Given information:
____________

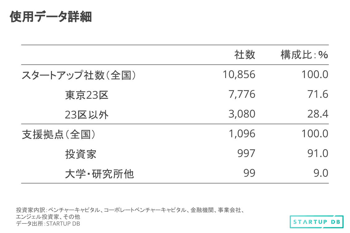 国立大学法人東京大学(東京都文京区、総長:五神真)空間情報科学研究センター(柴崎研究室)に対し、STARTUP DB(スタートアップデーターベース)を用い、「スタートアップ・エコシステムの構造分析」に関する共同研究に2019年9月より取り組んでまいりました。本研究結果を、2020年11月8日に行われた「2020年度都市計画学会 全国大会」にて、発表いたしましたので報告いたします。研究結果からは、スタートアップとその支援機関(VC、インキュベーターなど)によって構成されているエコシステムは、東京都心の渋谷区・港区・千代田区・中央区に集中して立地する傾向が明らかになりました。
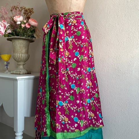 Nydelig langt omslagsskjørt i silkeblanding. Har mange hull så kan justeres i størrelse fra ca xs til xl.💚 #sommer #festival #fargerik #skjørt #omslag #bohem #hippie #indisk #cottagecore #unik #spesiell #silke #vintage #retro
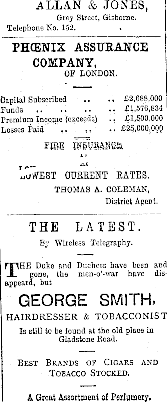 ALLAN & JONES, Grey Street, Gisborne. Telephone No. 152. PHffiNIX ASSURANCE COMPANY, OF LONDON. Capital Subscribed .. .. £2,683,000 Funds •• «• •• •• £1,576,834 Premium Income (exceeds) .. £1,5.00,000 Losses Paid ~ • • • • £25,000,00(1 FIDE IN SUMS S£, T /» THOMAS A. COLEMAN, District Agent. THE LATEST. By Wireless Telegraphy. THE Duke and Duchess have been and gone, the men-o'-war have di3appeard, but GEORGE SMITH. HAIRDRESSER & TOBACCONIST Is still to be found at the old place in Gladstone Road. Best Brands of Cigars and Tobacco Stocked. A Great Assortment oi Perfumery.

____________

About this task:
What you print must be exactly the lines from the one containing "Nydelig langt omslagsskjørt" through the last line of the material, and no pictures.

Exercise output:
 Nydelig langt omslagsskjørt i silkeblanding. Har mange hull så kan justeres i størrelse fra ca xs til xl.💚 #sommer #festival #fargerik #skjørt #omslag #bohem #hippie #indisk #cottagecore #unik #spesiell #silke #vintage #retro
 ALLAN & JONES, Grey Street, Gisborne. Telephone No. 152. PHffiNIX ASSURANCE COMPANY, OF LONDON. Capital Subscribed .. .. £2,683,000 Funds •• «• •• •• £1,576,834 Premium Income (exceeds) .. £1,5.00,000 Losses Paid ~ • • • • £25,000,00(1 FIDE IN SUMS S£, T /» THOMAS A. COLEMAN, District Agent. THE LATEST. By Wireless Telegraphy. THE Duke and Duchess have been and gone, the men-o'-war have di3appeard, but GEORGE SMITH. HAIRDRESSER & TOBACCONIST Is still to be found at the old place in Gladstone Road. Best Brands of Cigars and Tobacco Stocked. A Great Assortment oi Perfumery.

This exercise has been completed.